◆ **Task requirements**
In your output, repeat each entry exactly and include no pictures.

(Items listed in a dataset)

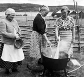 Framför gärdsgården står från vänster Arvid Jansson, Gustav Blom, Helmer Johansson och Johan Åberg, samtliga Västerbo.
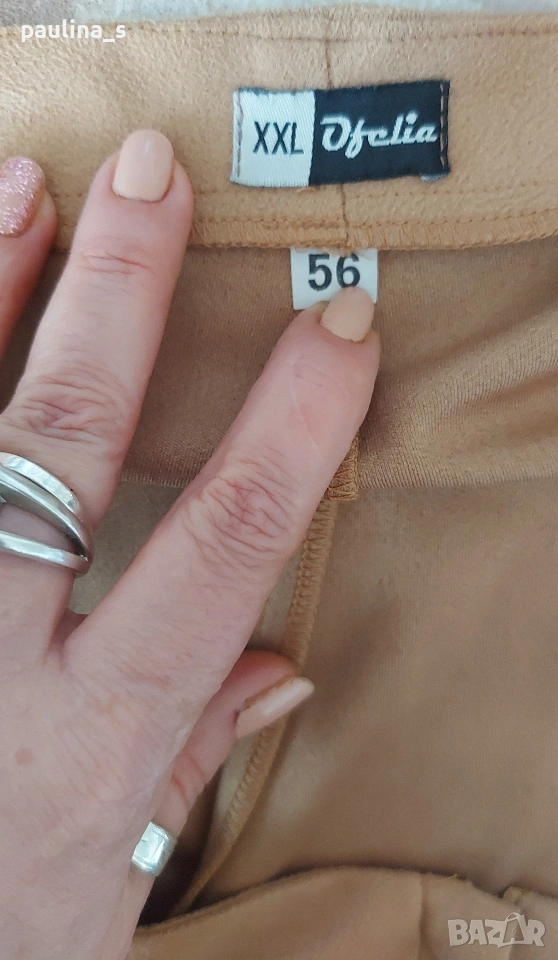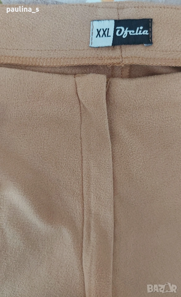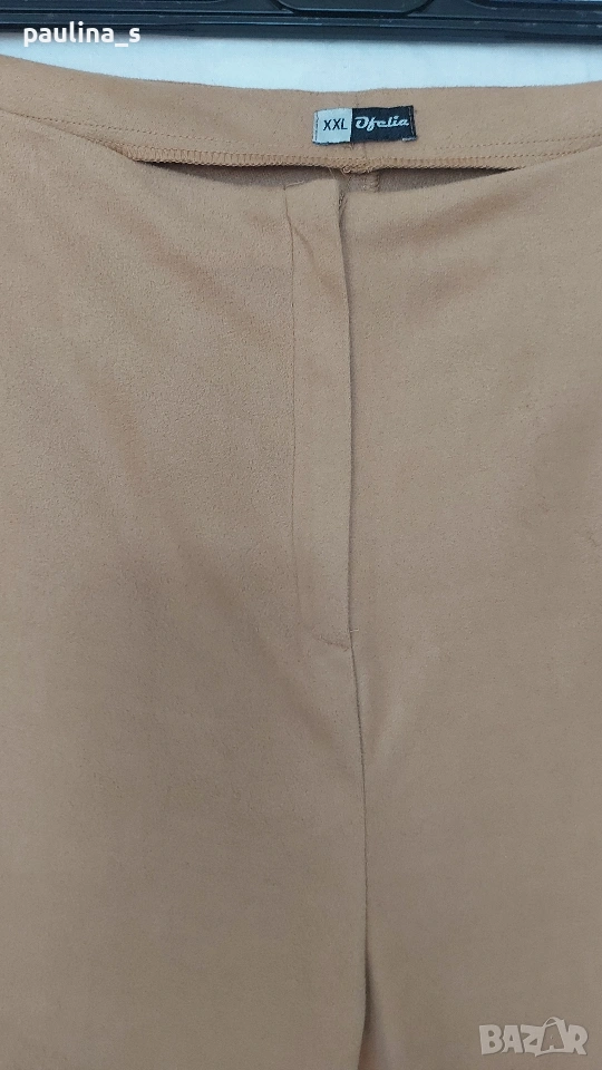 1️⃣. 2XL / 3XL - "Ofelia". Цената е крайна, без пазарлъци. 2XL / 3XL - "Ofelia". Цената е крайна, без пазарлъци 15 евро. Дамски велурени бермуди, от еластичен артифициален велур / кадифе. Платът е луксозно тънко кадифе с транслуцентен ефект, за това не е еднакъв цвета на снимките. Моделът е прав без интервенции по ширината на крачолите. Трикото е немачкаемо и има умерена еластичност. Талията е без колан, но не е ниска, стои на кръста. Като нови са, една бройка, става за посочените размери.
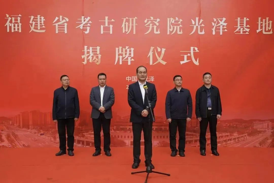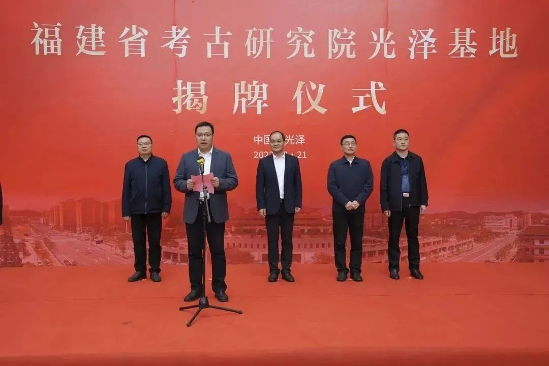 3月21日上午,福建省考古研究院光泽基地揭牌仪式在南平市光泽县举行。仪式由光泽县人民政府副县长张锦鸿主持,福建省文化和旅游厅党组成员、副厅长、福建省文物局局长、福建博物院院长傅柒生,光泽县人民政府县长王贵出席并分别致词,南平市人民政府副市长林湫、福建省考古研究院院长王永平、南平市文化和旅游局副局长廖泉义出席。
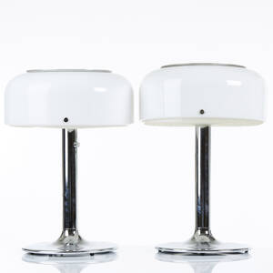 ANDERS PEHRSON, "Knubbling", bordslampor, 1 par, Ateljé Lyktan Åhus, formgivna 1971, förkromade stommar, kupor i vit akryl och galler i akrylplast, etikettmärkt, höjd ca 56 cm. Bruksslitage, ej funktionstestade, SAV garanterar ej funktionerna.
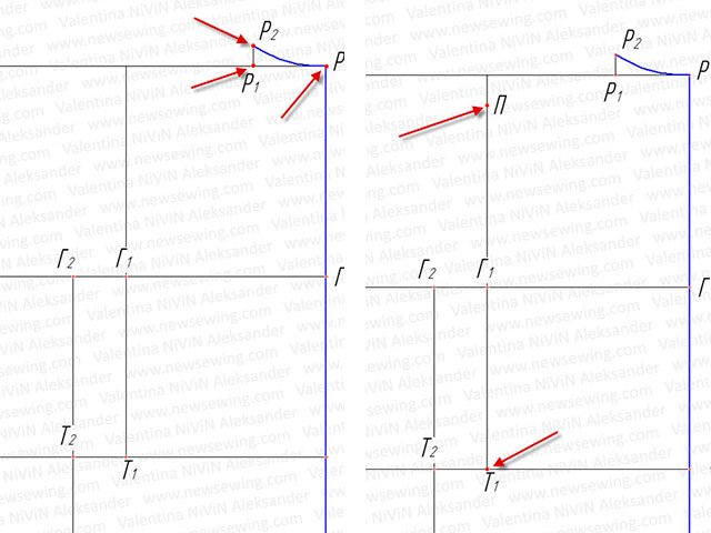 De pointG5 mettre de côté 1/4 les distances G5P3 (4,5 cm) et mettre un point03. Point 03 —point de contrôle. Lorsque vous insérez une manche dans une emmanchure, elle se connecte avec une marque sur la manche aux pointsOh

◆ **Answer area**
 Framför gärdsgården står från vänster Arvid Jansson, Gustav Blom, Helmer Johansson och Johan Åberg, samtliga Västerbo.
 1️⃣. 2XL / 3XL - "Ofelia". Цената е крайна, без пазарлъци. 2XL / 3XL - "Ofelia". Цената е крайна, без пазарлъци 15 евро. Дамски велурени бермуди, от еластичен артифициален велур / кадифе. Платът е луксозно тънко кадифе с транслуцентен ефект, за това не е еднакъв цвета на снимките. Моделът е прав без интервенции по ширината на крачолите. Трикото е немачкаемо и има умерена еластичност. Талията е без колан, но не е ниска, стои на кръста. Като нови са, една бройка, става за посочените размери.
 3月21日上午,福建省考古研究院光泽基地揭牌仪式在南平市光泽县举行。仪式由光泽县人民政府副县长张锦鸿主持,福建省文化和旅游厅党组成员、副厅长、福建省文物局局长、福建博物院院长傅柒生,光泽县人民政府县长王贵出席并分别致词,南平市人民政府副市长林湫、福建省考古研究院院长王永平、南平市文化和旅游局副局长廖泉义出席。
 ANDERS PEHRSON, "Knubbling", bordslampor, 1 par, Ateljé Lyktan Åhus, formgivna 1971, förkromade stommar, kupor i vit akryl och galler i akrylplast, etikettmärkt, höjd ca 56 cm. Bruksslitage, ej funktionstestade, SAV garanterar ej funktionerna.
 De pointG5 mettre de côté 1/4 les distances G5P3 (4,5 cm) et mettre un point03. Point 03 —point de contrôle. Lorsque vous insérez une manche dans une emmanchure, elle se connecte avec une marque sur la manche aux pointsOh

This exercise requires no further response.